Уже в первом рассказе Л. Толстого «Набег» будет явствен этот след «Валерика»[57]:

«Природа дышала примирительной красотой и силой. Неужели тесно жить людям под этим неизмеримым звездным небом? Нужели может среди этой обаятельной природы удержаться в душе человека чувство злобы, мщения или страсти истребления себе подобных? Все недоброе в сердце человека должно бы, кажется, исчезнуть в прикосновении с природой – этим непосредственным выражением красоты и добра»[58].

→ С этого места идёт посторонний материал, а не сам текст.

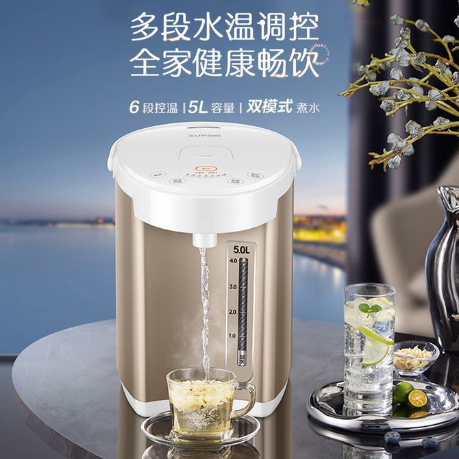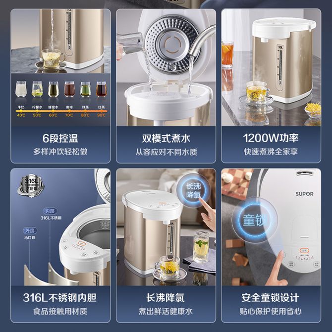 苏泊尔(SUPOR) 316L不锈钢内胆电热水瓶5L容量 家用6段控温双模式煮水开水壶安全童锁设计 316L不锈钢内胆 长沸降氯 安全童锁设计 6段控温 双模式煮水 1200W功率 5L容量 兑换价格 13000 里程 会员卡别 终身白金卡 白金卡 金卡 银卡 普通卡 儿童卡 服务 由 广西桂福礼供应链管理有限公司 发货并提供售后 颜色: 其他 购买数量: 件 库存件 配送地址: 立即购买 加入购物车 成功添加到购物车 关闭 购物车共有 种商品 总金额为: 组合销售 产品介绍 产品规格 售后服务 产品咨询 发现好货 苏泊尔(SUPOR)电水壶 1.7L 不锈钢/YL SW-17S13A 5700 里程 志高/Chigo 电水壶烧水壶1.8L大容量电热水壶双层防烫自动断电家用烧水开水壶不锈钢 电水壶 DC-A18F 1900 里程 小熊/Bear 电水壶家用烧水壶 不锈钢自动断电恒温热水壶保温一体电热水壶1.5L容量 3500 里程 小熊/Bear 烧水壶电水壶热水壶电热水壶开水壶304不锈钢内胆双层防烫1.5L大容量ZDH-Q15U8 3000 里程 志高(CHIGO) 电水壶1.8L大容量烧水壶家用热水壶开水壶DC-A18F 1900 里程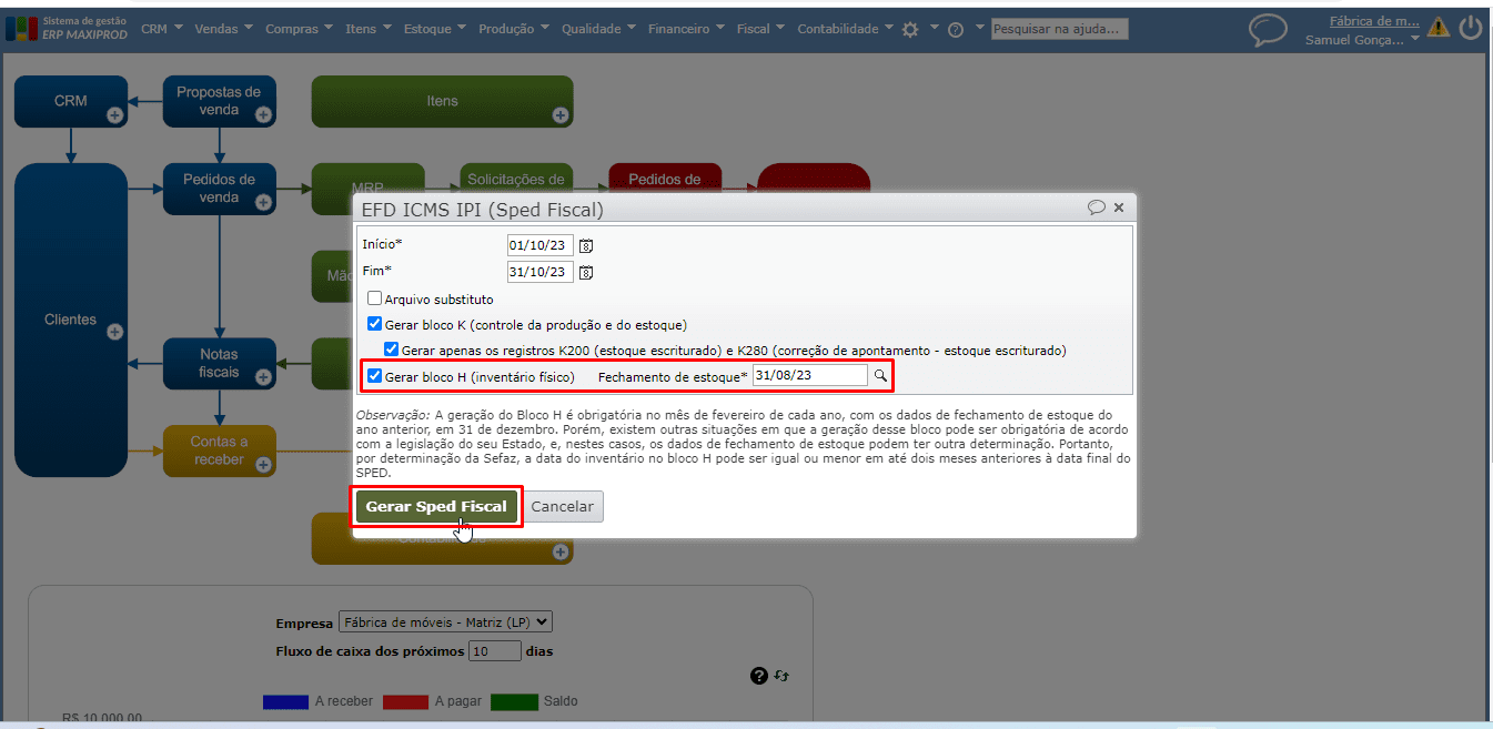 5) Ao clicar em “Gerar Sped Fiscal”, é gerado o arquivo com o bloco H referente ao fechamento de estoque selecionado.

«Да! будет, – кто-то тут сказал, —

Им в память этот день кровавый!»

Чеченец посмотрел лукаво

И головою покачал….

Лермонтов писал войну, как вскоре станет писать Толстой свой Севастополь, свой Аустерлиц и свое Бородино. Как век спустя будет писать свою «Конармию» Бабель, а Хемингуэй – Италию Первой мировой или Испанию времен гражданской войны. Как В. Некрасов и В. Гроссман будут писать свой Сталинград, а Твардовский и Вячеслав Кондратьев – свой Ржев… И когда С. Гудзенко скажет:

Бой был короткий. А потом

Глушили водку ледяную

И выковыривал ножом

Из-под ногтей я кровь чужую… —

…он тоже будет наследником Лермонтова.

«Где выражение зла, которого должно избегать? Где выражение добра, которому должно подражать в моей повести? Кто злодей, кто герой ее? Все хороши и все дурны. Герой же моей повести, которого я люблю всеми силами души, которого старался воспроизвести во всей красоте его и который всегда был, есть и будет прекрасен, правда»[59].

В старости уже, ворча на всех и вся – и на себя, и на литературу в особенности: «Все литераторы, все литераторы!» Толстой все ж будет признавать: «Я и Лермонтов – не литераторы!»